With the initial class definition, IDC had the case removed through diversity jurisdiction. CAFA was not mentioned in this removal by IDC. IDC claimed to be a citizen of Washington, and the petition stated all truck drivers in California. Thus, complete diversity seemed to exist.

Marine sought remand. “Upon learning that Marine’s individual claims did not exceed $75,000 in damages,” IDC stipulated to remand the case to state court for failing to meet diversity jurisdiction requirements.

The case was remanded to Alameda Country Superior Court where this action was filed. At this point, another plaintiff’s case seeking the same damages from IDC was brought before the Northern District; however, his class expanded to include all IDC employees who drove “through” California. The second complaint was voluntarily dismissed, and the new class definition was adopted by Marine and the Northern District. The Marine class action was the sole complaint.

After the remand and voluntary dismissal of the other complaint, IDC attempted to remove the case again. This time IDC pointed to CAFA as the grounds to remove the class action. A defendant has 30 days to remove a case from which it may be first ascertained that the case has become eligible. Since the original filing of the complaint, plaintiff sought damages for missed meal periods, missed rest periods, failure to provide itemized wage statements, and payment of wages upon termination.

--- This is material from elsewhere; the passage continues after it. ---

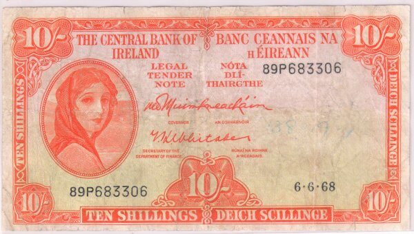 Ireland – 10 shillings 1968 scarce currency note

Even if the plaintiff’s class included only California IDC employees, the amount in controversy far exceeded the amount in controversy limit of $5,000,0000. Defendant should have raised the issue during the initial removal.

Plaintiff will not have to wait to eat much longer, barring any other challenges by IDC. The Northern District refused to give IDC “another bite at the apple.” The Northern District stated that the time to raise CAFA jurisdiction had come and gone; moreover, IDC had waived its right to remove the case under CAFA. Thus, the class action will remain in California state court.

Maybe plaintiffs can grab a Snickers bar and wait while the lawyers litigate this case and try to get plaintiffs paid.